North Korea sentences U.S. student to 15 years of hard labor

By Park Sae-jin Posted : March 16, 2016, 17:09 Updated : March 16, 2016, 17:09

[AJU NEWS CORP DB]



In a move seen to further escalate tension with the United States, North Korea's supreme court has sentenced a detained American student to 15 years’ hard labor after finding him guilty of “crimes against the state.”

The sentence was handed down on Otto Warmbier, a 21-year-old economics student from the University of Virginia, by North Korea's Supreme Court, China’s official Xinhua news agency reported Wednesday in a brief dispatch datelined Pyongyang.

Warmbier was detained by the North in January for trying to steal an item bearing a propaganda slogan from his hotel in Pyongyang and had confessed to crimes against the state, North Korean media reported last month. .

Warmbier’s conviction by the North’s supreme court comes at a sensitive time, as the United States took a leading role in securing a new round of U.N. sanctions in response to the North’s recent nuclear test and rocket launch.

Tensions on the Korean peninsula have risen in recent weeks following the start of the largest-ever joint military exercises involving American and South Korean troops.
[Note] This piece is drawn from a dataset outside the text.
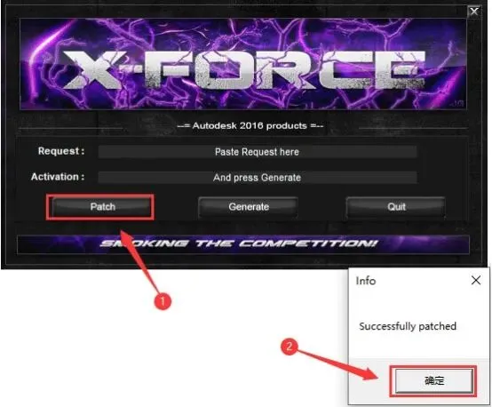 17、弹出注册机,点击【Patch】键,再点击【确定】选项。

In response, Pyongyang has threatened to carry out tests of another nuclear warhead, as well as ballistic missiles capable of carrying nuclear bombs to the US and other targets.
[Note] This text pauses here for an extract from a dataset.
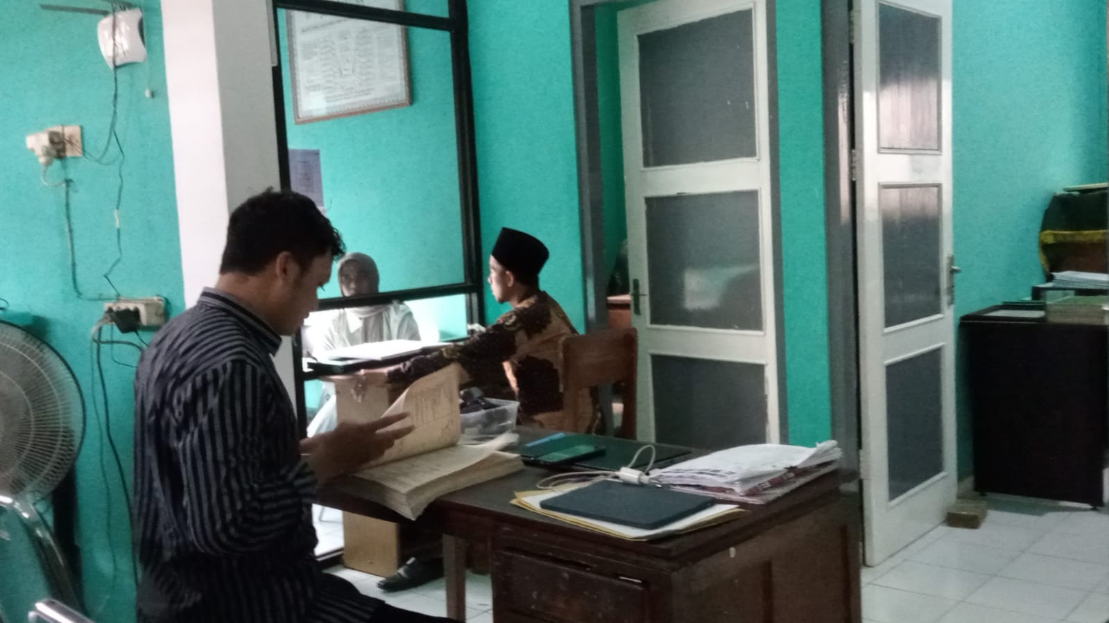 Sumpiuh – Staf Pelayanan Kantor Urusan Agama (KUA), Solehul, menerima kunjungan koordinasi dari perwakilan praktisi hukum (Asisten Advokat) di ruang pelayanan KUA. Kunjungan ini bertujuan untuk melakukan permohonan data kependudukan dan pencatatan nikah terkait pemenuhan berkas persidangan perkara perdata. Rabu (22/04)

North Korea has a long history of detaining foreigners and has used jailed Americans in the past to extract high-profile visits from the United States, with which it has no formal diplomatic relations.

It has previously handed down lengthy sentences to foreigners before freeing them.
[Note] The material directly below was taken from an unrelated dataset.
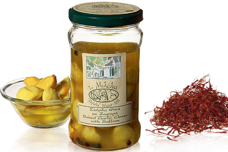 «Σκόρδα σε βάζο;» θα αναρωτιέστε. Και εξηγούμαι. Πρόκειται για ολόκληρες σκελίδες σκόρδου φουρνισμένες και εν συνεχεία βυθισμένες σε έξτρα παρθένο λάδι αρωματισμένο διακριτικά και «κιτρινισμένο» φυσικά από ίνες σαφράν. Το ψήσιμο αφαιρεί σημαντικό μέρος από την αψάδα του σκόρδου καθώς και την έντονη οσμή του, αφήνοντας μια ωραία ζωηρή αλλά όχι ενοχλητική μυρωδιά και κάνοντάς το πιο εύπεπτο. Οι σκελίδες δεν είναι μαλακές αλλά «τραγανές» και άρα «σηκώνουν» μαγείρεμα, ενώ το αρωματισμένο σκορδόλαδο μην το αφήσετε να πάει χαμένο. Αξιοποίησα αμφότερα σε ένα πάναπλο ριζότο μαγειρεμένο με λευκό κρασί. Ψιλόκοψα 4 από τις σκελίδες, τις τσιγάρισα σε 2 κουταλιές από το λάδι, εν συνεχεία προσέθεσα το ρύζι, έσβησα με το κρασί και μαγείρεψα το ριζότο με σταδιακή προσθήκη ζωμού λαχανικών και συνεχές ανακάτεμα μέχρι να χυλώσει. Στο τέλος, λίγη τριμμένη παρμεζάνα και ψιλοκομμένα φυλλαράκια βασιλικού. Μούρλια.

Warmbier had entered North Korea as part of a New Year tour organised by China-based Young Pioneer Tours. He was arrested when the group was set to return to Beijing on January 2.

He is one of three North Americans currently detained in North Korea, which recently sentenced a 60-year-old Canadian pastor to life imprisonment with hard labour on sedition charges.

Detained foreigners are often required to make a public, officially-scripted acknowledgement of wrongdoing, and Warmbier was paraded in front of reporters and diplomats in Pyongyang last month.

Footage of the event showed a sobbing Warmbier pleading to be released and saying he had made "the worst mistake of my life".